(Source data)
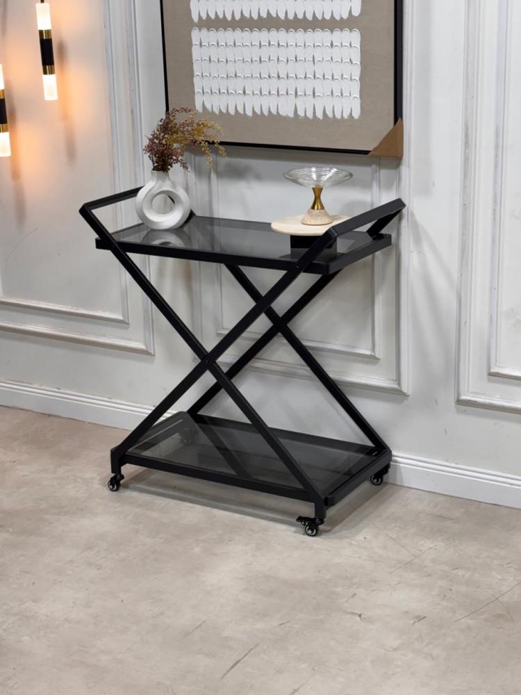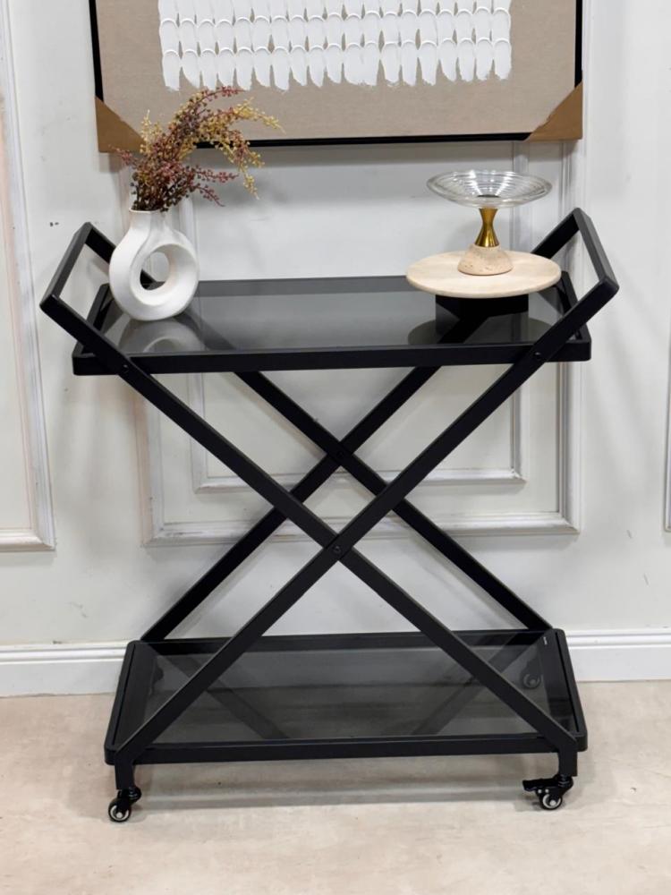 مصنوعة من هيكل معدني أسود مطفي يجمع بين القوة والانسيابية، مع رفّين من الزجاج المدخّن لتوفير مساحة عملية لترتيب أدوات الضيافة أو المشروبات أو قطع الديكور.
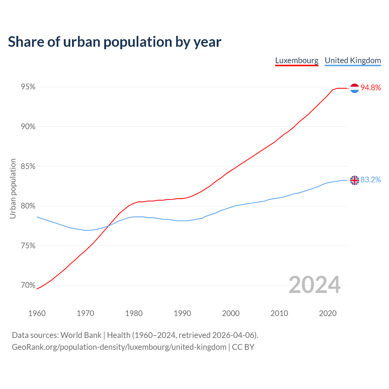 From 2004 to 2024, the share of urban population changed from 86% to 94.8% in Luxembourg and from 80.3% to 83.2% in the United Kingdom.
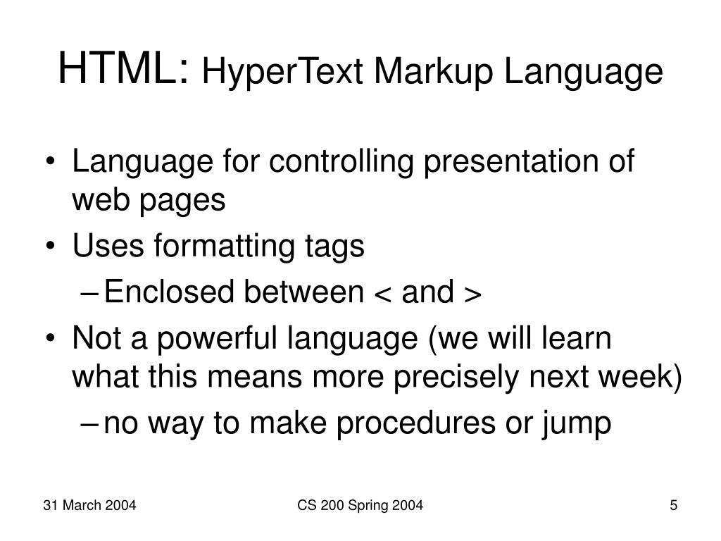 HTML: HyperText Markup Language • Language for controlling presentation of web pages • Uses formatting tags • Enclosed between < and > • Not a powerful language (we will learn what this means more precisely next week) • no way to make procedures or jump CS 200 Spring 2004
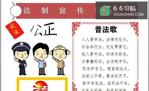 5在【法制宣传手抄报图片】的标题正下方的左侧底部位置处,画出框架及小图案并涂上颜色,写上数字.【法制宣传手抄报图片】已制作完成,如下图所示。
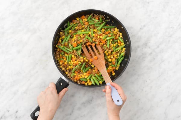 Calentá un chorrito de aceite en una sartén grande a fuego medio-alto. Agregá las zanahorias y revolvé hasta que se ablanden ligeramente, aproximadamente 5 minutos. Agregá las chauchas y el choclo, y revolvé hasta que las chauchas estén tiernas y crujientes, 4-5 minutos. Condimentá con sal y pimienta. Reservá en un bowl para que el sartén quede vacía para el próximo paso
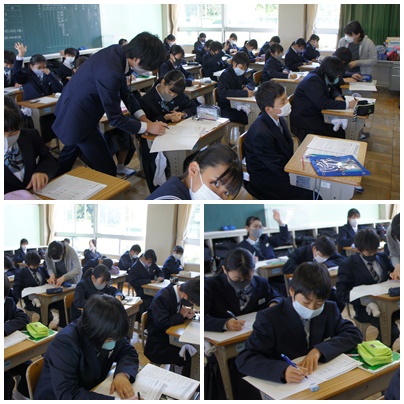 英語では、アルファベットを使って正しく書くための学習をしていました。
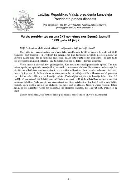 Valsts prezidentes uzruna 3x3 nometnes noslēgumā Jaunpilī 1999.gada 24.jūlijā
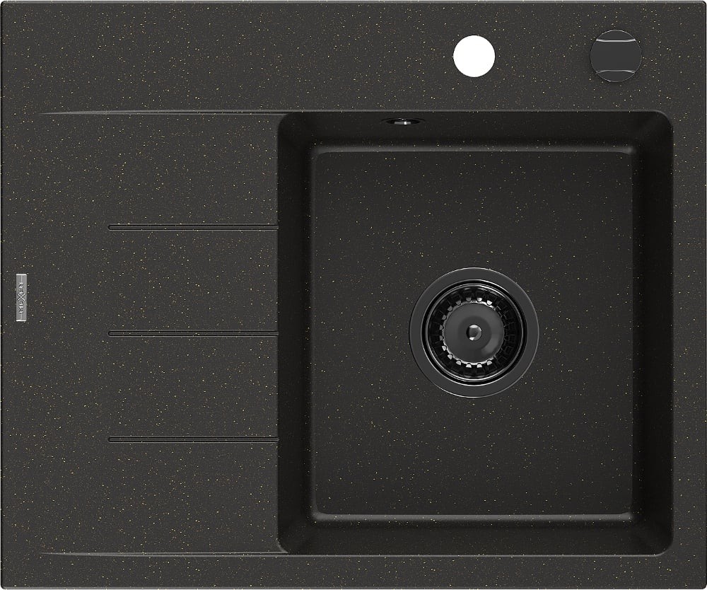 Špecifikácia produktu: Rozmer: 600x500x190 mm Hĺbka komory: 190 mm Rozmery komory: 375x335 mm Priemer odtoku: ø90 mm Typ: 1-miska s krátkym odkvapkávačom Typ: Zapustený do pracovnej dosky, pravý Materiál: žula Farba: čierna / zlatá metalíza Povrchová úprava sifónu: čierna Prepadový otvor: Áno Otvor pre batériu: Áno Vrátane automatického sifónu Vysoká odolnosť proti poškriabaniu a zmene farby Odolnosť proti tepelným šokom Povrch pre ľahké čistenie Jeden dodatočný vyfrézovaný otvor na samodierovanie ø35(GT) Ean: 5905315462251
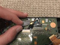 I remove these 2 ribbon cables by pulling back on the black plastic piece gently, and then pulling out the cable.
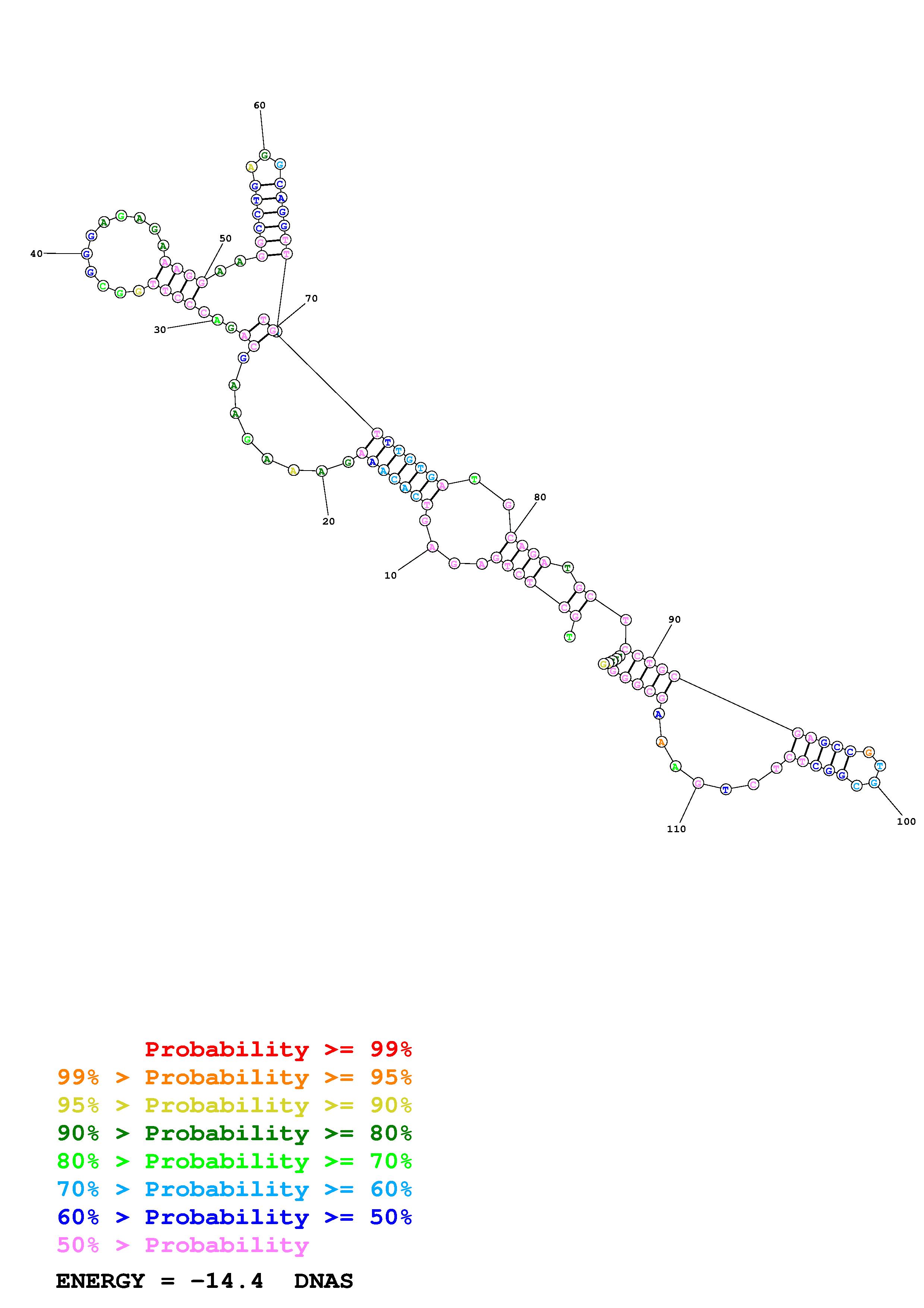 Fold Predict1.fasta Fold.ct --DNA --loop 30 --maximum 20 --percent 10 --temperature 310.15 --window 3
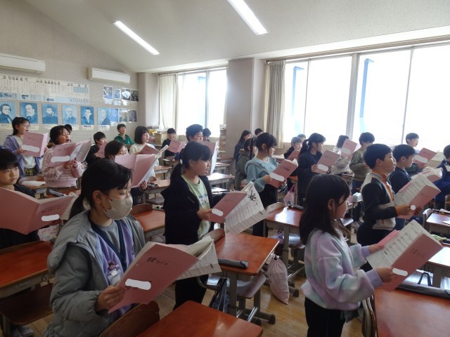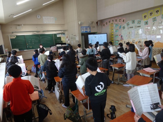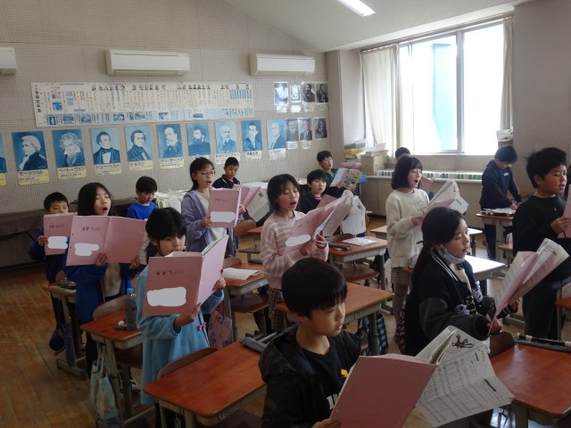 「きれいな声で」と言葉をかけると、ただ歌うだけでなく、どのように声を出したらよいかを考えながら歌います。
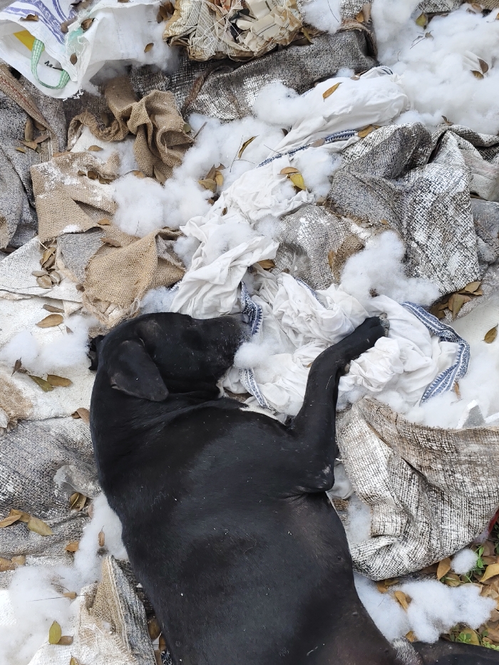 A black dog lies amid scattered trash. Burlap sacks, shredded white fabric, and loose white stuffing surround the dog. Dry leaves and small twigs are also present. The dog appears relaxed, resting its head on a crumpled white cloth. The trash and debris create a disheveled and abandoned scene.
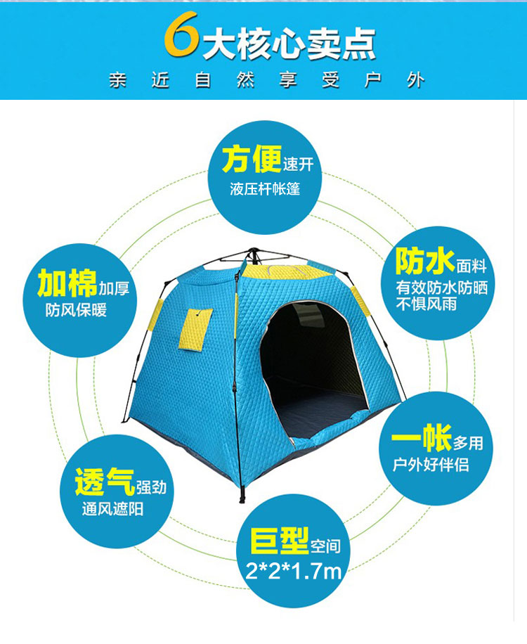 Размер: 200 * 200 * 170 см (выше) Материал: 190T полиэстер с хлопком = теплый и непромокаемый Функция: Подходит для 2-3 человек подледной рыбалки Вес: около 6,35 кг
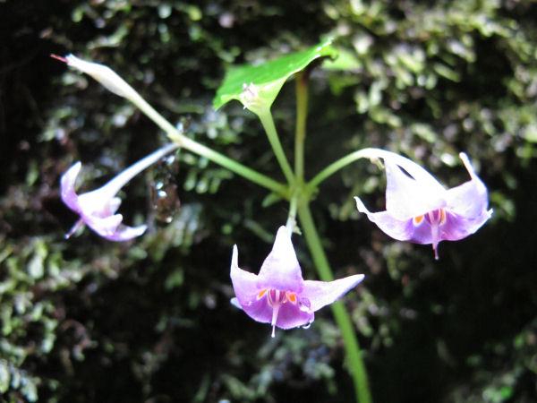 - 町内の湿った岩壁などでは、イワタバコの花が紫色の小さな花を咲かせています。

● **Task description**
Print, word for word, every entry shown above; the pictures stay out.

● **Task solution**
 مصنوعة من هيكل معدني أسود مطفي يجمع بين القوة والانسيابية، مع رفّين من الزجاج المدخّن لتوفير مساحة عملية لترتيب أدوات الضيافة أو المشروبات أو قطع الديكور.
 From 2004 to 2024, the share of urban population changed from 86% to 94.8% in Luxembourg and from 80.3% to 83.2% in the United Kingdom.
 HTML: HyperText Markup Language • Language for controlling presentation of web pages • Uses formatting tags • Enclosed between < and > • Not a powerful language (we will learn what this means more precisely next week) • no way to make procedures or jump CS 200 Spring 2004
 5在【法制宣传手抄报图片】的标题正下方的左侧底部位置处,画出框架及小图案并涂上颜色,写上数字.【法制宣传手抄报图片】已制作完成,如下图所示。
 Calentá un chorrito de aceite en una sartén grande a fuego medio-alto. Agregá las zanahorias y revolvé hasta que se ablanden ligeramente, aproximadamente 5 minutos. Agregá las chauchas y el choclo, y revolvé hasta que las chauchas estén tiernas y crujientes, 4-5 minutos. Condimentá con sal y pimienta. Reservá en un bowl para que el sartén quede vacía para el próximo paso
 英語では、アルファベットを使って正しく書くための学習をしていました。
 Valsts prezidentes uzruna 3x3 nometnes noslēgumā Jaunpilī 1999.gada 24.jūlijā
 Špecifikácia produktu: Rozmer: 600x500x190 mm Hĺbka komory: 190 mm Rozmery komory: 375x335 mm Priemer odtoku: ø90 mm Typ: 1-miska s krátkym odkvapkávačom Typ: Zapustený do pracovnej dosky, pravý Materiál: žula Farba: čierna / zlatá metalíza Povrchová úprava sifónu: čierna Prepadový otvor: Áno Otvor pre batériu: Áno Vrátane automatického sifónu Vysoká odolnosť proti poškriabaniu a zmene farby Odolnosť proti tepelným šokom Povrch pre ľahké čistenie Jeden dodatočný vyfrézovaný otvor na samodierovanie ø35(GT) Ean: 5905315462251
 I remove these 2 ribbon cables by pulling back on the black plastic piece gently, and then pulling out the cable.
 Fold Predict1.fasta Fold.ct --DNA --loop 30 --maximum 20 --percent 10 --temperature 310.15 --window 3
 「きれいな声で」と言葉をかけると、ただ歌うだけでなく、どのように声を出したらよいかを考えながら歌います。
 A black dog lies amid scattered trash. Burlap sacks, shredded white fabric, and loose white stuffing surround the dog. Dry leaves and small twigs are also present. The dog appears relaxed, resting its head on a crumpled white cloth. The trash and debris create a disheveled and abandoned scene.
 Размер: 200 * 200 * 170 см (выше) Материал: 190T полиэстер с хлопком = теплый и непромокаемый Функция: Подходит для 2-3 человек подледной рыбалки Вес: около 6,35 кг
 - 町内の湿った岩壁などでは、イワタバコの花が紫色の小さな花を咲かせています。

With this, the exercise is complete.